- Specialty: General surgeon/plastic surgeon

= Preventive mastectomy =

Surgical removal of the breasts to reduce breast cancer risk

A preventive mastectomy or prophylactic mastectomy or risk-reducing mastectomy (RRM) is an elective operation to remove the breasts so that the risk of breast cancer is reduced.

==Indications==
The procedure is a surgical option for individuals who are at high risk for the development of breast cancer. High risk women without a prior history of personal breast cancer might consider bilateral risk-reducing mastectomy (BRRM) as an option for minimising the risk of primary breast carcinoma development. The procedure includes the surgical removal of both breasts before any pathologic diagnosis has been made. Women that were previously diagnosed with a breast cancer in one breast (ipsilateral breast cancer) might elect to undergo risk-reducing mastectomy of the other unaffected (contralateral) breast, that is to say contralateral risk-reducing mastectomy (CRRM), to minimize the risk of a second breast cancer development. CRRM has been shown to reduce the incidence of contralateral breast cancer, but there is not sufficient evidence that it improves survival. Women who had a bilateral mastectomy in 2013 were about 10 years younger than those who had a unilateral mastectomy.

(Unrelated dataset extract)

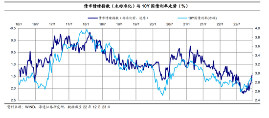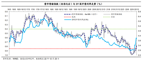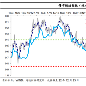 (1)上周(12月19日至12月23日,全文均为此时间区间)单周债市情绪指数略继续回落(主要是银行间杠杆率继续下降、长债超长债换手率降温至近三年低位)、为今年7月15日当周以来新低,平滑后的债市情绪指数(4周-MA)下行、为今年8月中旬以来新低(我们的数据是2016年以来)。

This preventive operation pertains to women with these characteristics:
- BRCA1 or BRCA2 mutation carriers; this is the main indication for bilateral prophylactic mastectomy.
- Cancer in one breast and a family history of breast cancer.
- Family history of breast cancer. The genetic risk can be passed down through the mother's or father's side.
- Radiation therapy to the chest before the age of 30.
- Presence of high-risk breast lesions like lobular carcinoma in situ (LCIS), atypical ductal hyperplasia (ADH) and atypical lobular hyperplasia (ALH).
- Having dense breasts or breasts with diffuse microcalcification, as the screening for breast cancer is made difficult.

Discussions and decision should be made with the help of specialists who can use relevant information and statistical models to predict the individual lifetime risk of development of breast cancer.

Undergoing a preventive mastectomy does not guarantee that breast cancer will not develop later, however, it reduces the risk by 90% in high risk women. Also, a preventive mastectomy may not be able to remove all breast tissue as some of it may be in the arm pit, near the collar bone, or in the abdominal wall.

Male carriers of BRCA1 and BRCA2 mutations have a higher risk of breast cancer than other males, approximately 1.2% and 6.8%, but their risk is much lower than in female mutation carriers (about 60%) and lower than in the general female population (12%). Thus, preventive mastectomy has not been advocated for affected men.

==Procedure==

In most situations the operation involves both breasts and thus represents a bilateral procedure. When cancer has affected already one breast, the other breast, still healthy, may be removed in a unilateral preventive mastectomy. Typically either a simple, a subcutaneous or a nipple-sparing mastectomy is performed. With the former the areola and nipple are removed, while the other two approaches preserve the nipple area for cosmetic reasons. To increase the viability of the nipple area for preservation during mastectomy, a so-called "nipple delay" procedure can be done several weeks before the mastectomy. Reconstructive breast surgery can be performed in the same surgical setting, added after the mastectomy. Saline or silicone implants may be used in the reshaping process and may be placed in a later setting.

A preventive mastectomy carries certain risks including those of anesthesia, bleeding, infection, pain, disfiguration, anxiety and disappointment.

After surgery, routine screening for breast cancer is recommended.

==Alternatives==
There are other options to reduce the risk of future breast cancer.
Intensified breast cancer screening for high risk women may detect cancer at an early, treatable stage. Certain medications that block the effect of estrogen (i.e. tamoxifen, raloxifen, exemestane) can reduce the risk by about 50% but also have side effects. Prophylactic salpingo-oophorectomy reduces estrogen levels and the risk of both ovarian and breast cancer, however, the reduction in breast cancer risk is about 50% in high risk women as compared to 90% when preventive mastectomy is done. Lifestyle changes (in weight, diet, exercise, avoidance of smoking, limiting alcohol) may reduce the risk to some degree.

==Acceptance==
A factor that facilitates the decision to undergo a preventive mastectomy is that results of breast reconstructive surgery have improved. A 2004 Canadian study found that 70% of women were satisfied or extremely satisfied with the reconstruction after bilateral prophylactic mastectomy. In the United States preventive mastectomy is gaining increased acceptance. The decision of famous actresses such as Christina Applegate and Angelina Jolie to undergo preventive mastectomy has given the procedure wider media attention. The trend towards prophylactic mastectomy appears to be less pronounced in Europe and India.